Below is a list of actions that are configurable from the AutoMod dashboard.

Configurable actions

Copied!

We can assign an action to each harm engine to be performed when a harmful message is detected.

  • None The harm engine is disabled and no message will be checked.

    None: Engine not active flow

  • Infinite Bounce When a user sends a harmful message, they are asked to rephrase it until the message is clear.

    Infinite Bounce flow
    Infinite Bounce

    Infinite Bounce can be used to provide a prompt on the front-end to the sending user each time they attempt to send an offending message.

  • Flag When a user sends a harmful message, it is sent to the channel and flagged in the moderation dashboard.

    Flagging flow
    Flag

    Flag can be used when you do not want to inform the user that their message has been detected, or when you do not want to disrupt the user flow at all.
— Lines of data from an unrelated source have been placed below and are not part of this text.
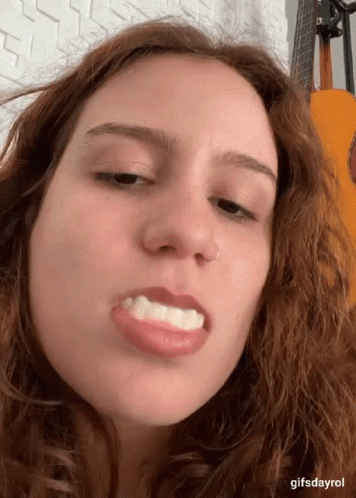 Carobiazin shows off her Fini vampire teeth toy in a close-up, with a guitar visible in the background.
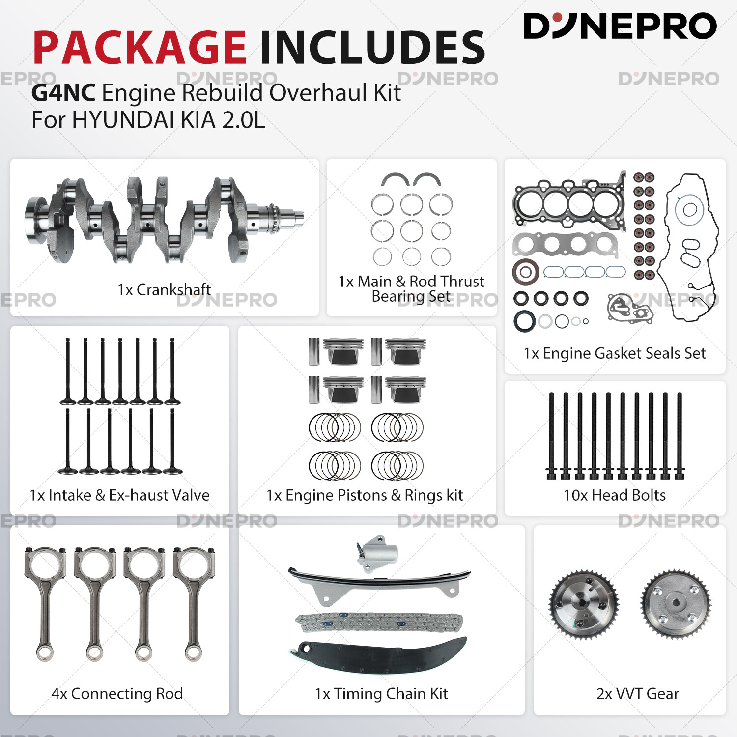 This G4NC 2.0L rebuild kit is a game-changer for Hyundai and Kia owners! Everything you need is included—gaskets, pistons, bearings, and even a timing chain kit—all precision-engineered to OEM specs. Installation was smooth thanks to the detailed guide, and the quality feels just like factory parts. My Elantra GT runs like new now, with no leaks or hiccups. Perfect for DIYers or shops looking for reliable, complete engine overhaul parts. Highly recommend for a solid, budget-friendly rebuild!
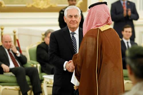 During remarks to reporters about his meeting with Saudi Arabia’s Crown Prince Muhammad bin Nayef (3rd R), U.S. President Donald Trump turns to shake hands with Secretary of State Rex Tillerson (2nd L) at the Ritz Carlton Hotel in Riyadh, Saudi Arabia May 20, 2017.
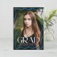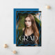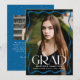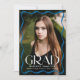 Celebrate your high school or college graduate with this elegant graduation announcement, featuring a full-bleed vertical photo framed by a stylish blue wavy border. The bold white "Grad" lettering makes a statement, while the graduate’s name, school, and class year add a personal touch. The back showcases a horizontal photo with space for a custom message, making it the perfect way to share this special milestone with family and friends.
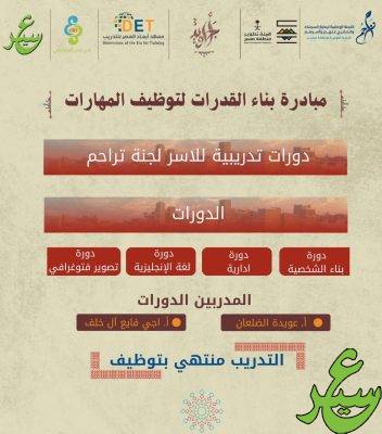 لجنة تراحم لرعاية السجناء والمفرج عنهم وأسرهم في عسير تتبني ” مبادرة بناء القدرات لتوظيف المهارات ” ضمن مبادرة أجاويد 3 من فكرة وإعداد ورعاية / فاطمة ناصر القحطاني ، حيث شارك في هذه المبادرات عدد من المتطوعين والشركاء الداعمين لهذه المبادرة ، وتساهم هذه المبادرة في تقديم العديد من الدورات التدريبية المنتهية بالتوظيف لأسر النزلاء في عسير وتم تنفيذ المبادرة في مدينة أبها ، تبدأ في التأسيس المعرفي وبناء الشخصية وكسب الخبرات المتنوعة والتنمية البشرية وتوظيفهم ، واشتملت ايضاً على عدد من الأهداف :

  • Block When a user sends a harmful message, it is blocked and not shown in the channel. It will be shown in the moderation dashboard.

    Blocking flow
    Block

    Block can be used when you want to prevent the sending of a message entirely, in a way that is visible to the sending user. This can also be exposed to other users in the channel.

  • Bounce then flag When a user sends a harmful message, they are asked to rephrase it. If the message is still detected as harmful, then it is sent and flagged in the moderation dashboard.

    Bounce then Flag flow
    Bounce then Flag

    Bounce then flag can be used to implement behavioural nudges, encouraging users to reconsider their message before it is sent to other users.

  • Bounce then block When a user sends a harmful message, they are asked to rephrase it. If the message is still detected as harmful, then it is blocked and no more edit is allowed.

    Bounce then Block flow
    Bounce then Block

Bounce then block can be used as a more forceful form of Bounce then flag, preserving the message in the ‘blocked messages’ view in the moderation dashboard for review, but not sending it to the other users in the channel.

Details

Copied!

Flag

Copied!

This is the less intrusive way to provide moderation. If the message is considered harmful, the response from Chat API does not trigger any error. The message is shown to other users and stored in the database. It will be shown in the dashboard message inbox for the moderator to review

Flagged message is sent as usual
Flagged message is sent as usual

Block

Copied!

This is the stricter way to provide moderation. If the message is considered harmful, the response from Chat API will trigger an error. The message is shown to other users and stored in the database. It will be shown in the dashboard message inbox for the moderator to review

Bounce

Copied!

When a user sends a message and our AI models consider it harmful, it is bounced back to the user. When a user sends a message and it is considered harmful, Chat API returns a message with type=error with moderation details on what model triggered the harm.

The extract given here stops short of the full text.